55 Years of Black Alumni

A timeline

As Sewanee continues its celebration of 55 Years of Black Alumni, we're remembering some of the important contributions made and milestones reached by generations of Black students who have called the Mountain home. Klarke Stricklen, C'22, a student research assistant for the University's Roberson Project on Slavery, Race, and Reconciliation, put together this timeline to celebrate those students of the College of Arts and Sciences who broke new ground in Sewanee's progress toward racial equality.

June 1961: Eight years after officially desegregating the School of Theology, University Trustees voted to allow admission of African Americans to the College of Arts and Sciences.

Fall 1963: Calvin Kendall Williams of Birmingham, Alabama, was the first African American student to attend the College. He transferred to Sewanee from Fisk University and left Sewanee after one year to return to Fisk, from which he graduated in 1965. He received a medical degree from Meharry Medical College in 1971.

Fall 1964: Rickey Rowe, from nearby Cowan, enrolled in the College; he left after two years.

Spring 1965: Joseph Green Jr. and William Fletcher O'Neal graduated from the School of Theology with master's degrees in sacred theology, becoming the first two African Americans to earn degrees from the University of the South.

Fall 1966: Nathaniel Davis Owens from Hartsville, Tennessee, enrolled and in 1970 was the first African American to graduate from the College.

Fall 1971: Warrena Stywaskee Broadnax (left) of Ridge Spring, South Carolina, and Theresa Ann Weston (right) of Greenville, Mississippi, enrolled in the College of Arts & Sciences, becoming the first African American women to attend the College. Broadnax left after her freshman year, and Weston after her sophomore year. (White women had enrolled in the College for the first time in 1969.) 

Fall 1972: Eric Benjamin, C’73, became the first African American student in the College to be elected chair of the Honor Council. His election made him the first African American to head one of the College’s three main student government organizations. He returned to the College in 1981 to serve as director of Multicultural Affairs, a position he held for 39 years.

1975: Billy Joe Shelton, C’76, became the first Black student to be elected speaker of the Student Delegate Assembly, which would later become the Student Government Association.

Fall 1977: Black students, including Reginald Rucker, C'77, and Lendell Massengale, C’77, formally organized a Black Student Union for Sewanee. Professor James Clayton in the Department of Religion and Professor Dale Richardson in the Department of English served as the group’s faculty advisors.

Spring 1986: William Marichal Gentry, C’86, became the first African American student to receive the Algernon S. Sullivan Medallion, an annual award presented to the senior who best exhibits excellence of character and humanitarian service. In 2015, he was appointed the College’s vice president for student life and dean of students. He served in this capacity for five years.

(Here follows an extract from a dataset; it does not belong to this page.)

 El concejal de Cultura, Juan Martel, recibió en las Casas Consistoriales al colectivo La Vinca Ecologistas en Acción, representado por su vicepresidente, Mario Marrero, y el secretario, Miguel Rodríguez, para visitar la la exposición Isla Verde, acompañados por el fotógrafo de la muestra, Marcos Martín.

Fall 1999: Nine African American men, Esau McCaulley, C’02; Towaski Hunt, C’02; Brian Tyler; Devin Delaughter, C’02; Antonio Crook, C’00; LaRuan Cole, C’02; Trumaine Polk, C’02; Prince Bell, C’01; and Mike Stanley, C’01, founded Gamma Sigma Phi fraternity to make a cultural impact within the College’s Greek life community.

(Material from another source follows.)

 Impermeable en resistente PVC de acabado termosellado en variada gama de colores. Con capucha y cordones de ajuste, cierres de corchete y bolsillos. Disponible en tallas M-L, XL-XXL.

Fall 1999: Eight Black women, Elisha Hodge, C’01; Melinda Jones, C’01; Nona Lee, C’02; Devin Andrea Miller, C’02; Rhonda Mims, C’01; Tonya Willet, C’02; Nakia Booker, C’02; and Tomeka Johnson, C’01, founded Phi Sigma Theta sorority to promote sisterhood among all women. 

Spring 2007: Charita Roque, C’07, became the first Black Sewanee student to be awarded a Fulbright scholarship, which she used to conduct research on maternal mortality in Benin after graduation.

Spring 2013: DeAndré Espree-Conaway became the first Black Sewanee student to be awarded a Watson Foundation Fellowship, which he used to study how institutions of language documentation affect the cultures and societies those languages are built around.

Spring 2016: Lonnie Scott, C’16; Kirk Murphy, C’17; Brody Stone, C’17; and Brandon Iracks-Edelin, C’18, became initiates of the Kappa Iota chapter of Omega Psi Phi Fraternity, Inc. The four students were the first Black students from the University to join an organization in the National Pan-Hellenic Council of historically African American Greek-lettered fraternities and sororities.

Spring 2017: Black women from the College, including Eunice Muchemi, C’19; Malicat Chouyouti, C’20; and Elon Epps, C’20, created Black Girl Magic. Now known as BlacQueen, it is an affinity support group for self-identifying Black women at the University. Dr. Courtney Thompson in the American studies and women’s and gender studies programs served as the group’s faculty advisor.

Spring 2019: Students from the College, including David Johnson, C’19; Tija Odoms, C’21; and Klarke Stricklen, C’22, chartered a unit of the National Association for the Advancement of Colored People on campus. Dr. Matthew Irvin in the Department of English served as the group’s faculty advisor.